Das Einatmen von Nanopartikeln aus Titan ist schlecht für die Lunge. Forscher des National Institute for Occupational Safety and Health in Morgantown West Virginia beobachteten signifikant erhöhte Werte von Lungenverletzungen bei Ratten, die Titanverbindungen eingeatmet hatten. (3)

Die Auswirkungen von Titan auf das Gehirn

Die Titanbelastung kann für das Gehirn schädlich sein. Nanopartikel aus Titan können über die Nase und die Riechkolben direkt in die Hippocampusregion des Gehirns gelangen.

Untersuchungen der Escuela Superior de Medicina am Instituto Politécnico Nacional ergaben, dass Titandioxid eine toxische Wirkung auf die Gliazellen im Gehirn hatte, was darauf hindeutet, dass die Exposition gegenüber Titandioxid Hirnverletzungen verursachen und eine Gesundheitsgefährdung darstellen kann. (4)

Langfristige chronische Exposition und Umweltverschmutzung sind nicht dokumentiert und es kann ein Zusammenhang zwischen der Nanopartikel-Exposition und der Entwicklung degenerativer Hirnerkrankungen bestehen. (5)

Ist die Titanbelastung ein Risikofaktor für Krebs?
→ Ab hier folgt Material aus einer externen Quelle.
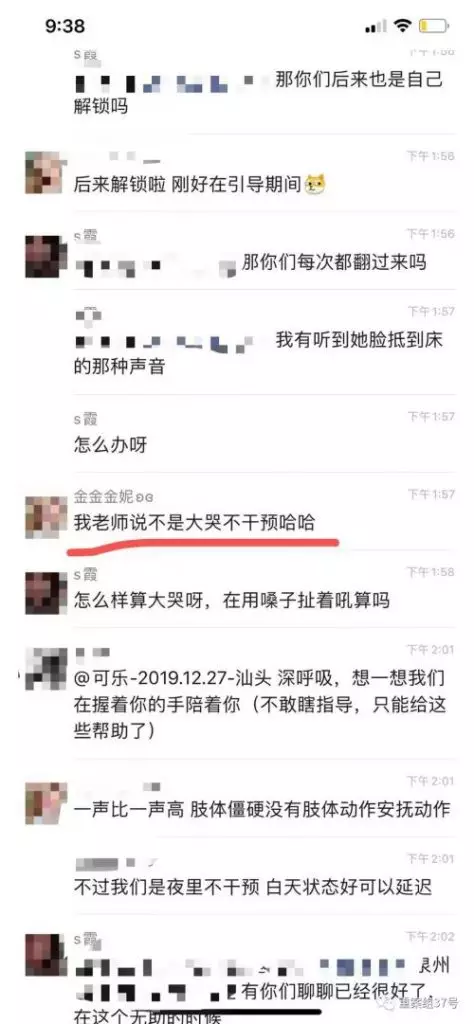 另一名群友建議,「我的老師說,不是大哭並不干預」。“怎麼樣算大哭,扯著嗓子吼算嗎?怕她悶到。”「s霞」問。

Der größte Kritikpunkt ist, dass Titandioxid zwar als Zusatzstoff in Lebensmitteln und pharmazeutischen Produkten zugelassen ist, aber von der Internationalen Agentur für Krebsforschung und dem Nationalen Institut für Arbeitssicherheit und Gesundheitsschutz auch als “möglicherweise krebserregend für den Menschen” eingestuft wird.

Studien zeigen, dass Titandioxid unerwünschte Wirkungen verursacht, indem es oxidativen Stress erzeugt, was zu Zellschäden, Rötungen und Abwehrreaktionen führt. (6)

Ist Titan vielleicht sicher?

Eine französische Untersuchung zur Sicherheit von Titandioxid ergab: “Das Gewicht der wissenschaftlichen Beweise deutet darauf hin, dass unlösliche Nanopartikel, die in Sonnenschutzmitteln verwendet werden, kein oder nur ein vernachlässigbares Risiko für die menschliche Gesundheit darstellen und gleichzeitig große gesundheitliche Vorteile bieten, wie beispielsweise den Schutz der menschlichen Haut vor UV-induzierter Hautalterung und Krebs“.

Da L’OREAL die Studie unterstützt hat, bin ich geneigt, sie mit Vorsicht zu genießen. (7)

Bis Langzeitdaten über die Absorption, Verteilung, Ausscheidung und Toxizität von Nanopartikeln aus Titan verfügbar sind und bis relevante Daten über die Exposition des Menschen vorliegen, empfehle ich, Titanverbindungen zu vermeiden.

Es stehen Labortests zur Verfügung, um den Gehalt an Titandioxid oder metallischem Titan in deinem Körper zu bestimmen.

Wenn du dir Sorgen um deine Exposition gegenüber Titan machst, würde ich dir empfehlen, dich testen zu lassen, um deine Werte zu bestimmen und eine Reinigung von toxischen Metallen durchzuführen, wenn du denkst, dass die werte zu hoch sind.